Finally Barkleigh turned to the girl.
“We had a discussion last evening,”
he began, “and you promised to answer my question.
Why are you out here? Why isn’t a hospital
good enough for you, back in Furnes or Dunkirk?”
“I remember,” returned
Hilda. “I’ll tell you. I could
answer you by saying that we’re out to help,
and that would be true, too. But it wouldn’t
be quite the whole truth, for there’s a tang
of adventure in Pervyse, where we can see the outposts
of the other fellows, that there isn’t in the
Carnegie Library in Pittsburg, let us say. Yes,
we’re out to help. But we’re out
for another reason, too. For generations now,
you men have had a monopoly of physical courage.

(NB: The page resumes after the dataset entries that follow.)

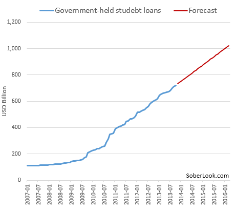 This is the time when everyone is making financial and economic forecasts for the upcoming year and beyond. Here is a simple forecast from Sober Look that did not require much analysis. By the end of 2014, student loan balances held by the federal government will exceed $850 billion and by the end of 2015 the number will be above a trillion. And this is on top of some half a trillion of loans that are not directly held but guaranteed by the federal government.
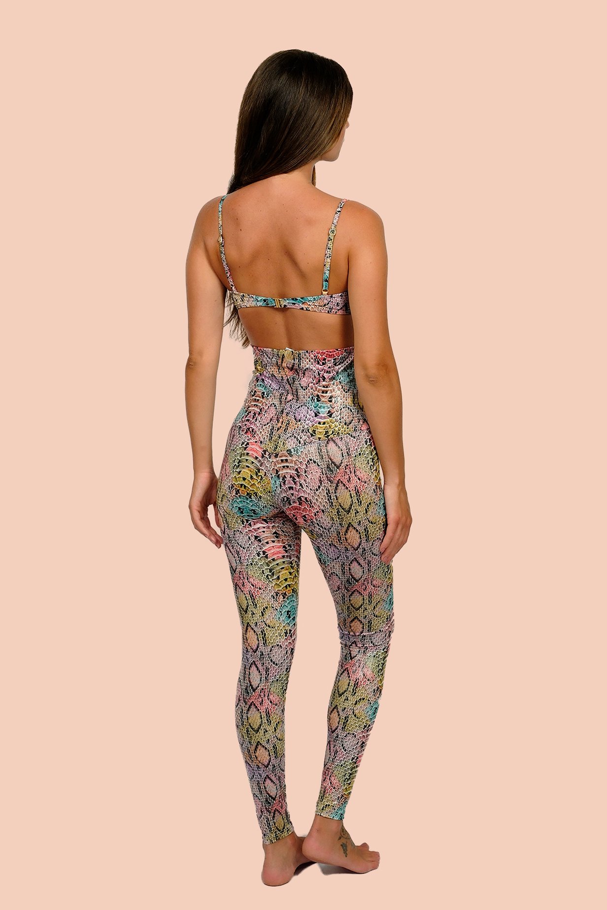 Leggings donna con fascia alta in vita per un effetto contenitivo naturale e una silhouette valorizzata. Realizzati in tessuto elasticizzato con stampa effetto pitonato multicolor, offrono una vestibilità normale e un comfort ideale sia per il tempo libero che per un look coordinato da spiaggia.
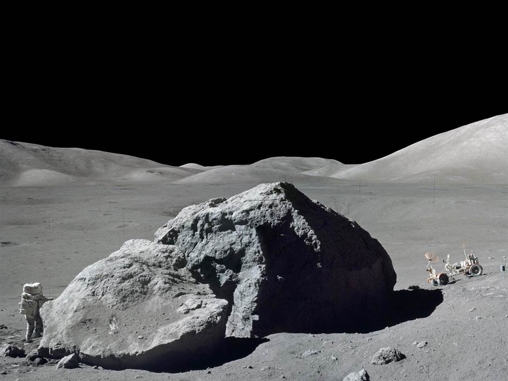 هرسیون اشمیت در کنار یک تختهسنگ بزرگ روی ماه در حال پیادهرویست. او به همراه اوگن سرنان، دو فضانوردی بودند که طی سومین عملیات آپولوی 17، در دسامبر 1972 (دی ماه 1351) روی ماه فرود آمدند.
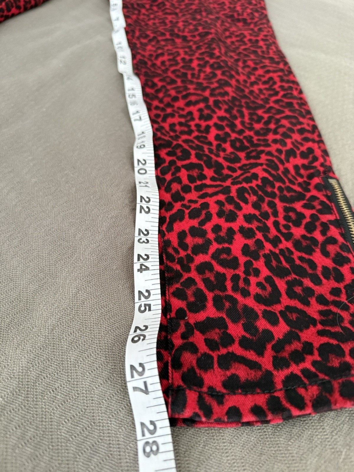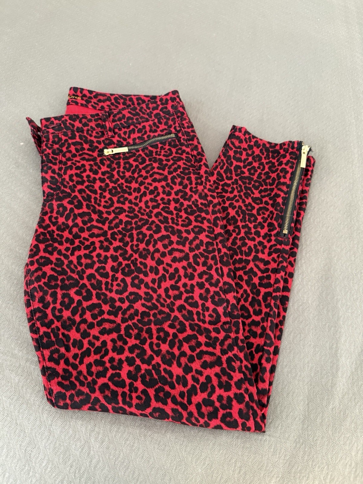 как выглядит Michael Kors Skinny Red Black Zipper Accents Ankle Leopard Jeans Punk 12 фото
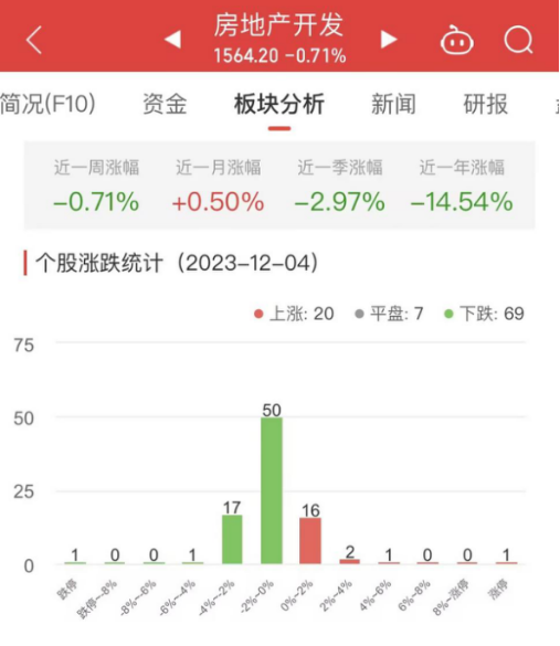 中国经济网北京12月4日讯 今日,房地产开发板块整体跌幅0.71%,其中20只股票上涨,7只股票平盘,69只股票下跌。
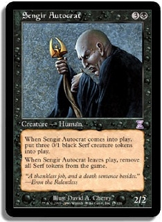 When Sengir Autocrat comes into play, put three 0/1 black Serf creature tokens into play. When Sengir Autocrat leaves play, remove all Serf tokens from the game.
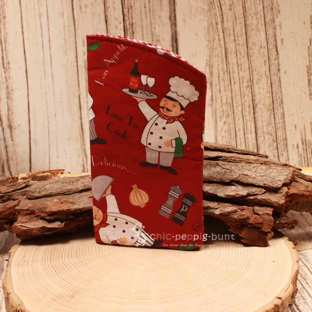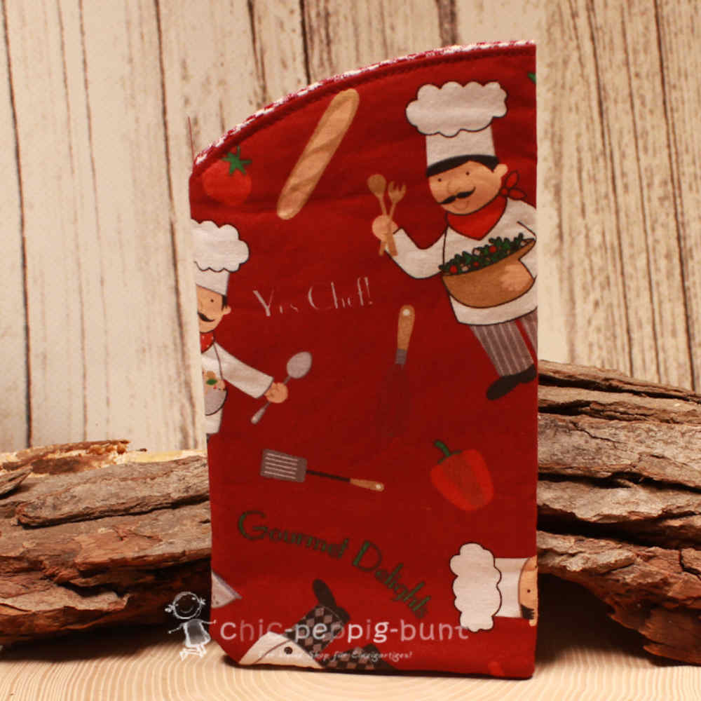 Wir lieben originelle Details und haben uns für dieses Modell ein besonders schmackhaftes Design ausgesucht. Die Außenseite besticht durch einen hochwertigen Stoff in edlem Dunkelrot, auf dem ein fleißiger Koch als Motiv den Ton angibt. Passend dazu servieren wir ein traditionelles Innenleben: Ein dunkelrot-weiß karierter Stoff schmiegt sich sanft um deine Gläser. Dieser weiche Innenstoff schützt die empfindlichen Oberflächen deiner Sehhilfe zuverlässig vor Staub und fiesen Kratzern. Jede Naht wird von uns sorgfältig handgenäht, damit das Etui selbst in einer vollgestopften Küchenschublade oder Handtasche eine gute Figur macht.
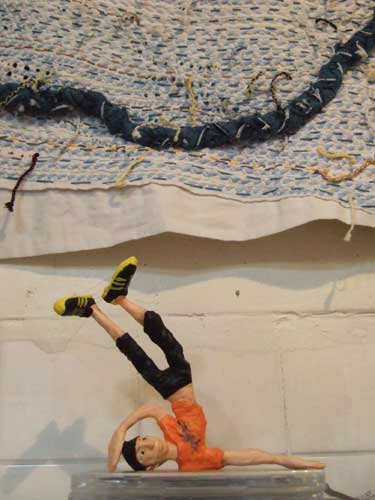 「どこでも逆立ちくん」、ハラミイシカズコさんの作品(一部)の前で逆立ち。
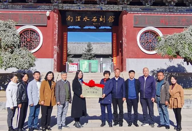 11月7日,Beat365正版唯一官网必一副院长宁镇疆、杨长云,历史学系主任郭丹彤,历史学系陈菊霞教授、黄薇博士和Beat365正版唯一官网必一科研秘书杨丹阳在山西省沁县南涅水石刻馆参观考察,并与南涅水石刻馆签订“Beat365正版唯一官网必一历史学专业实习基地”合作协议。沁县县委常委、组织部长、统战部长焦会丽,沁县人民政府副县长王丽萍,沁县文旅中心主任、沁县南涅水石刻博物馆馆长申虎峰,沁县南涅水石刻博物馆陈展部主任、副研究馆员曹雪霞等出席了签约挂牌仪式。
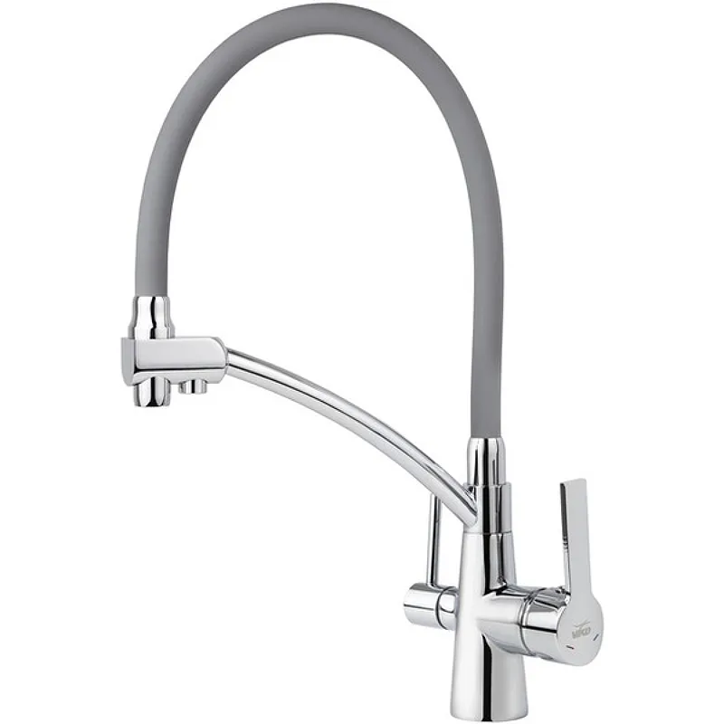 Смеситель для кухни Viko V-5524 с краном для питьевой воды.Характеристики: Цвет: хром, серый. Материал: латунь. Управление: рычажное. Излив: поворотный, гибкий, с каналом для питьевой воды. Механизм: керамический картридж. Стандарт подводки: G 1/2. Тип подводки: гибкая. Монтаж: на мойку, на столешницу. В комплекте поставки: Смеситель для кухни. Гибкая подводка. Аэратор. Паспорт.
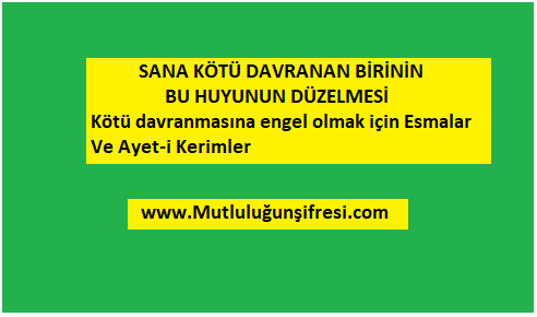 SANA KÖTÜ DAVRANAN BİRİNİN HUYUNUN DÜZELMESİ İÇİN ESMALAR VE AYETLER May 30, 2022 Original Image size: 492 × 290 SANA KÖTÜ DAVRANAN BİRİNİN HUYUNUN DÜZELMESİ İÇİN ESMALAR VE AYETLER SANA KÖTÜ DAVRANAN BİRİNİN HUYUNUN DÜZELMESİ İÇİN ESMALAR VE AYETLER Sana kötü Davranan Birinin Bu Huyunun Düzelmesi için Esmalar ve Ayetler
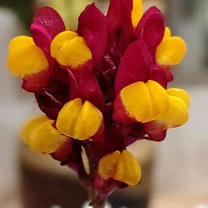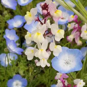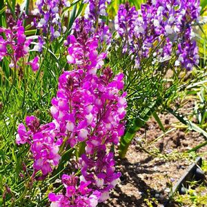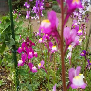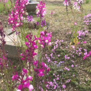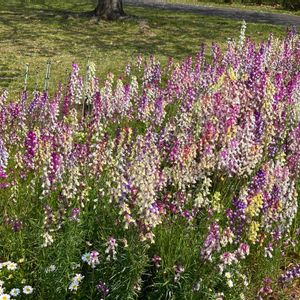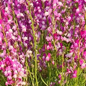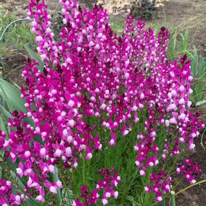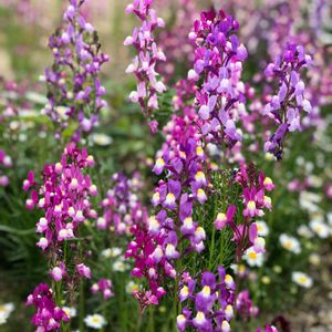 金魚草を小さくしたような花から、姫金魚草 茎先に穂状の総状花序(柄のある花が花茎に均等につく)を出す 赤、ピンク、黄、白、青、紅紫など多彩な色の唇形の花をたくさんつける 葉は幅の狭い披針形で、互い違いに生える
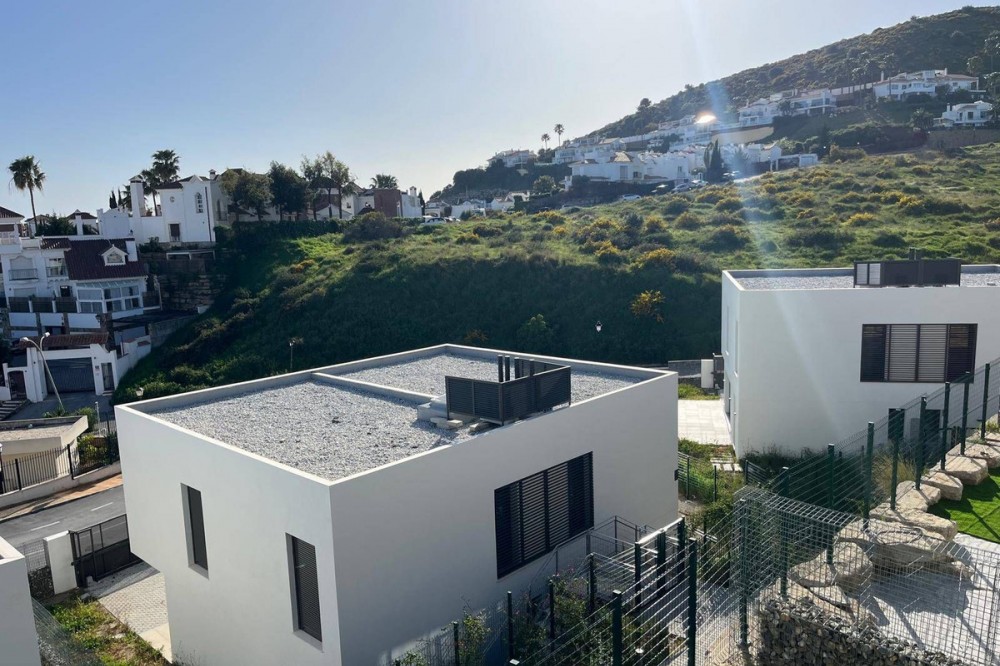 - NEWLY BUILT (2025) SEMI-DETACHED HOUSE IN REVIERA DEL SOL Newly built (2025) semi-detached house in Reviera Del Sol with a really good location. The house was completed in December 2025 and is on 2 floors and a small garden (110m2). There is a private parking space with space for 2 cars. You enter the upper floor of the house, where you have an entrance hall and a guest toilet and then you go into the kitchen and living room and from the living room you have a partial view of the sea. In extension of the living room there is a 24m2 terrace that is south facing, so with lots of sun. From the living room you go down a good large straight staircase to the lower floor, where you have a good large entrance hall with separate access to the garden, in addition there are 3 bedrooms and 2 bathrooms, one en suite. One bathroom has a bathtub and the other has a shower cabin. There is also a large closet where you have drainage and water as well as electricity for a washing machine and dryer. There is also space for a vacuum cleaner, etc. From the hallway on the ground floor there is access to the garden, where there is a smaller covered terrace of 9m2 and a garden of 110m2. You also have access to a communal pool area as well as a co-working area and gym. There is also a play area for children. The beach is approx. 2.7 km away. This house is really worth a closer look, so please contact us for a viewing.
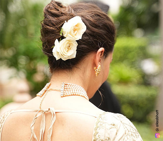 It’s Alia Bhatt’s world and we are living in it. The multi-hyphenate, while accepting her National Award for the best actress, donned a French bun. The cherry on the top? The white roses – add a retro twist to the elegant look. If you wish to recreate this hairstyle as a Navratri hairstyle – start by puffing up your natural tresses for volume on the crown. Now, tie your natural (slightly tousled) locks in a low, loose pony. For the grand finale, twist and pin this pony into a bun. If you can’t find fresh flowers, grab this juda pin from Nykaa for a chic avatar.
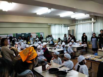 今日は、みんなで育てた「おいも」を使って、おとうさん、おかあさん、せんせいがたを招いての「おいもパーティー」です。
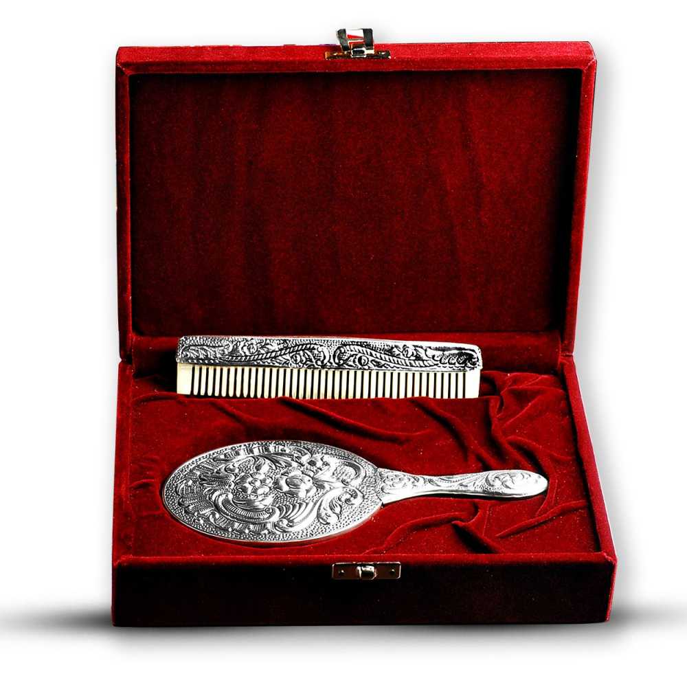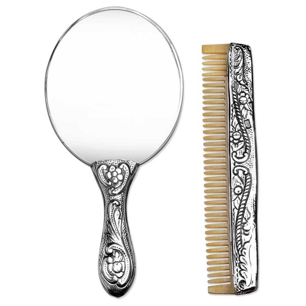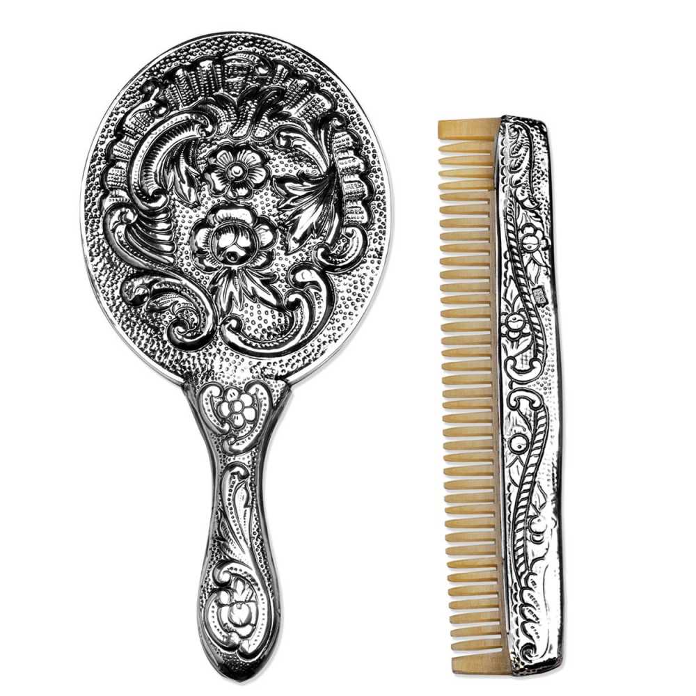 925 Ayar Gümüş Ayna ve Kemik Tarak Seti - 1
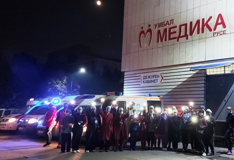 Медиците от Центъра за спешна медицинска помощ, русенските лечебни заведения, както и тези от МБАЛ „Юлия Вревска“ в Бяла се включиха в импровизиран флашмоб. По време на него те излязоха пред лечебните заведения със запалени светлини на телефоните си, а също така включиха и сирените на линейките, с които разполагат.

You have faced storms at sea, and charged up hills,
and pulled out drowning children, and footed it up
fire-ladders, till you think that bravery is a male
characteristic. You’ve always handed out
the passive suffering act to us. We had any amount
of compliments as long as we stuck to silent suffering.
But now we want to see what shells look like.
As long as sons and brothers have to stand up to them,
why, we’re going to be there, too.”
“But you haven’t been
in the thick of it,” objected Barkleigh.
“When the danger is so close you can see it,
a woman’s nerve isn’t as good as a man’s.
It can’t be. She isn’t built that
way.”
“That’s the very point,”
retorted Hilda, “we’re going to show you.”
“Damn quick,” muttered Smith.
In the pleasant heat of their discussion,
they hadn’t been noticing the roadway.
It was full of soldiers, trudging south. The rumble
had become a series of reports. The look of the
peaceful day was changing. Barkleigh turned from
his concentration on the girl, and glanced up the
road.
“These troops are all turning,” he said.
“You are right,” Hilda admitted.
“Can’t you see,”
he urged, “they’re all marching back.
That means they’ve given the place up.”
“Oh, hardly that,” corrected
Hilda; “it simply means that Nieuport is hot
for the present moment.”
“You’re not going in?”
continued Barkleigh. “It is foolish to go
into the town, when the troops are coming out of it.”
“True enough,” assented
Hilda, “but it’s a curious fact that the
wounded can’t retreat as fast as the other men,
so I’m afraid we shall have to look them up.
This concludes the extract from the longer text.